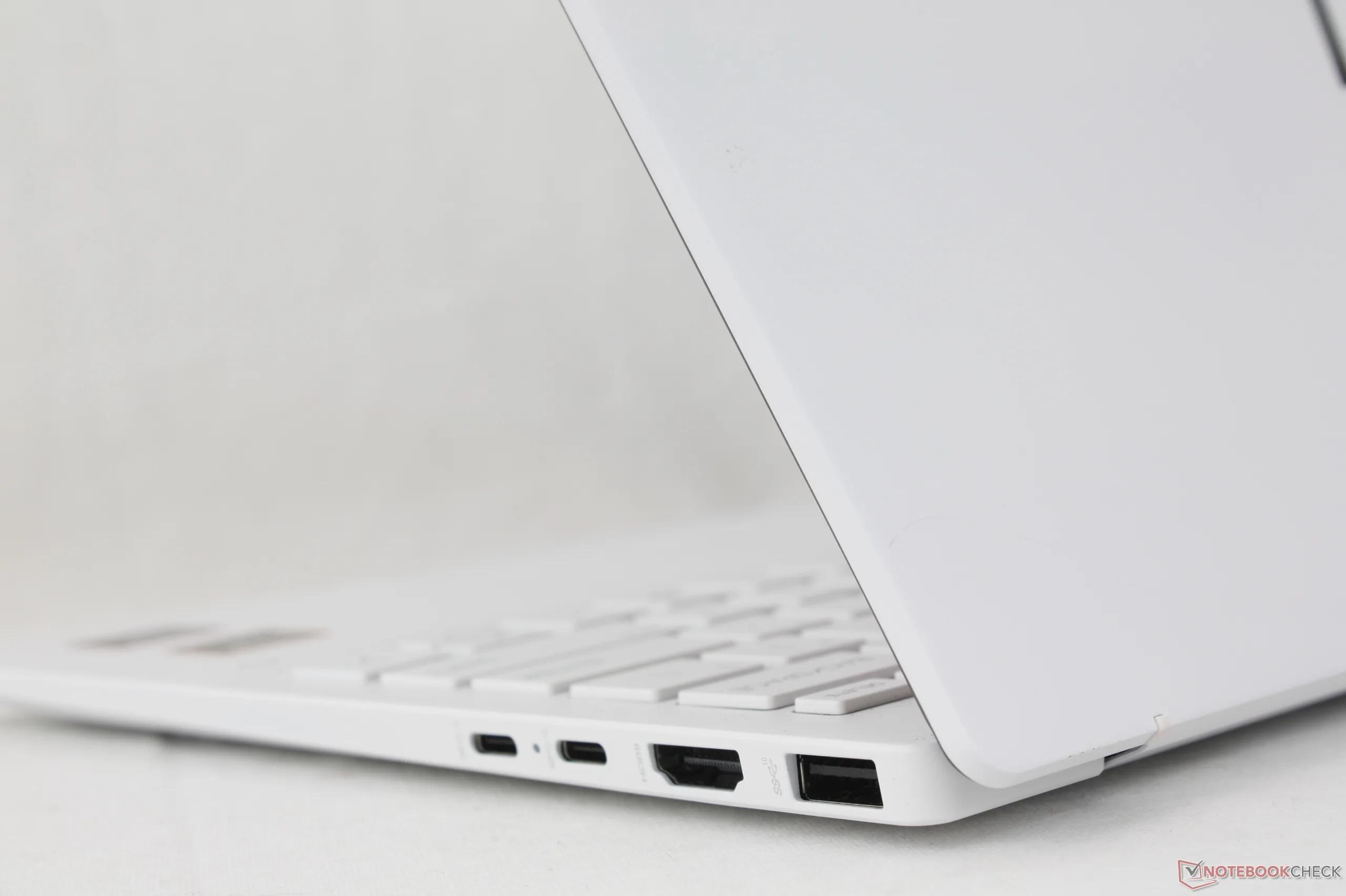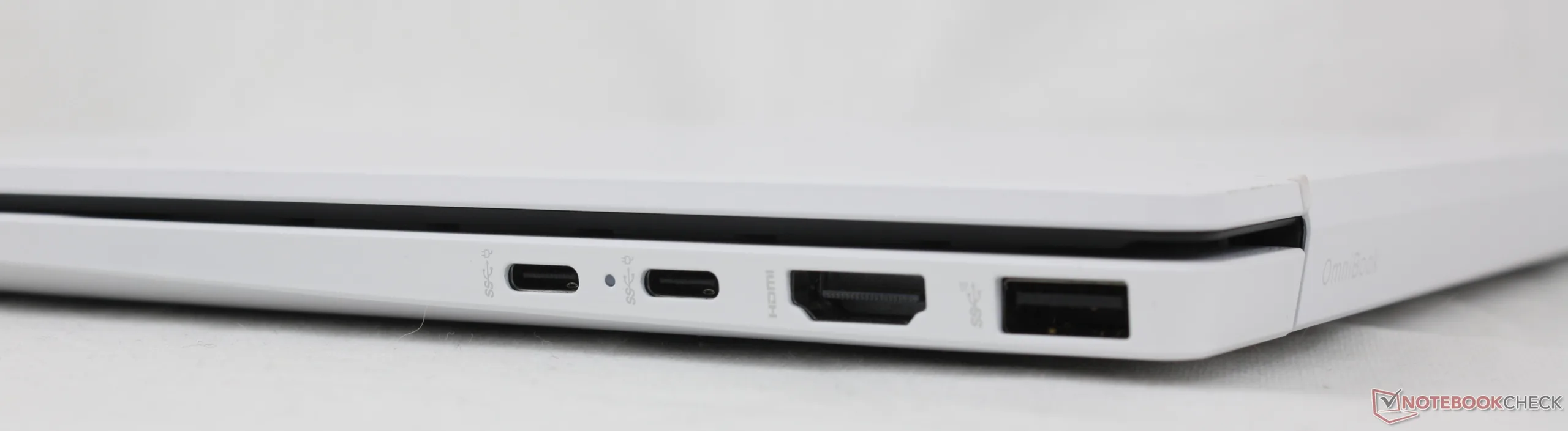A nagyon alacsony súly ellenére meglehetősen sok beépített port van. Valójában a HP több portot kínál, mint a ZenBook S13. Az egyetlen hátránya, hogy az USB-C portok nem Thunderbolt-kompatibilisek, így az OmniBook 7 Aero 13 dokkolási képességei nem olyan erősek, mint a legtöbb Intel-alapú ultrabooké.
+++++
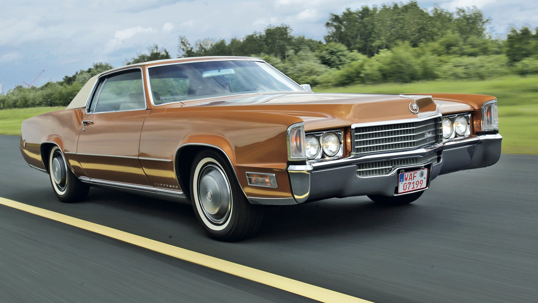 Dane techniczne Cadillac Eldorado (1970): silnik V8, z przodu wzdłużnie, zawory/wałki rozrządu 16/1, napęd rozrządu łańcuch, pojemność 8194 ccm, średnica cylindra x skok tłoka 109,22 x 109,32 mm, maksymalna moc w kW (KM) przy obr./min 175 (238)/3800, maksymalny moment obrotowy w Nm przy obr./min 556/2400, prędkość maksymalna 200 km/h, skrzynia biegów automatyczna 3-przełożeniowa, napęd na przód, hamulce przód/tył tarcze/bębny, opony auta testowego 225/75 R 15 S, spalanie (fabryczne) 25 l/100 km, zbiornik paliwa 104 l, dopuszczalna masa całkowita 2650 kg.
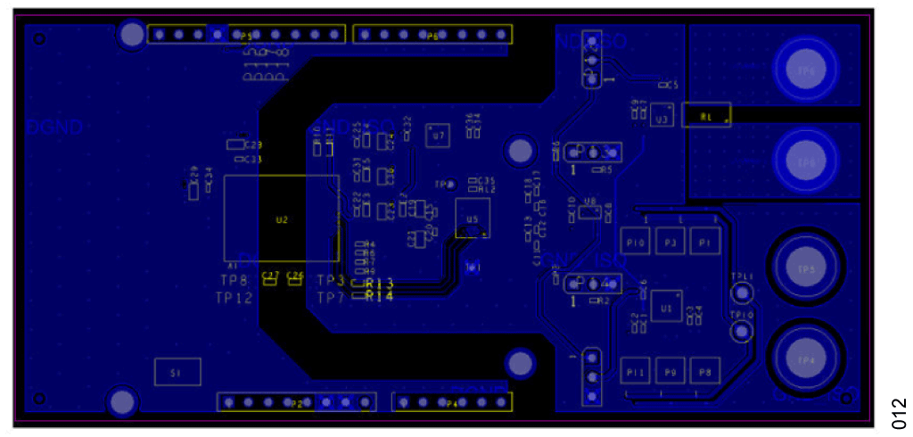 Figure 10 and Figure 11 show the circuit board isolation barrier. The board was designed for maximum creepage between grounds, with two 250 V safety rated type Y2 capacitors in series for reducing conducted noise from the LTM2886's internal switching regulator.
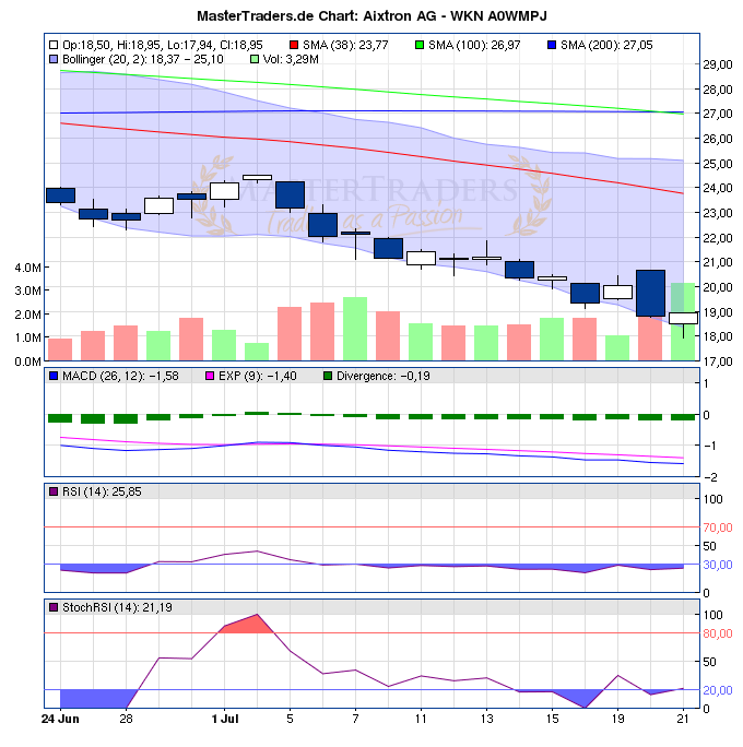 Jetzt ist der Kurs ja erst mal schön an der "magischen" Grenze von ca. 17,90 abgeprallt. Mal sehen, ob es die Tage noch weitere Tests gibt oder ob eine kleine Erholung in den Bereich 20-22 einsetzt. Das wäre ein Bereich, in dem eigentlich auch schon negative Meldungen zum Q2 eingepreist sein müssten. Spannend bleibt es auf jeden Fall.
+++++
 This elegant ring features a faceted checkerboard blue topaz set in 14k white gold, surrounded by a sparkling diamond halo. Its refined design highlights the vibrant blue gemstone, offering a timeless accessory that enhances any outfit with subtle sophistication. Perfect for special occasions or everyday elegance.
+++++
TASK GOAL: Above, find the line holding "Figure 10 and" and the line holding "Jetzt ist der". Print exactly those two lines and every line between them, but no pictures.

OUTPUT:
 Figure 10 and Figure 11 show the circuit board isolation barrier. The board was designed for maximum creepage between grounds, with two 250 V safety rated type Y2 capacitors in series for reducing conducted noise from the LTM2886's internal switching regulator.
 Jetzt ist der Kurs ja erst mal schön an der "magischen" Grenze von ca. 17,90 abgeprallt. Mal sehen, ob es die Tage noch weitere Tests gibt oder ob eine kleine Erholung in den Bereich 20-22 einsetzt. Das wäre ein Bereich, in dem eigentlich auch schon negative Meldungen zum Q2 eingepreist sein müssten. Spannend bleibt es auf jeden Fall.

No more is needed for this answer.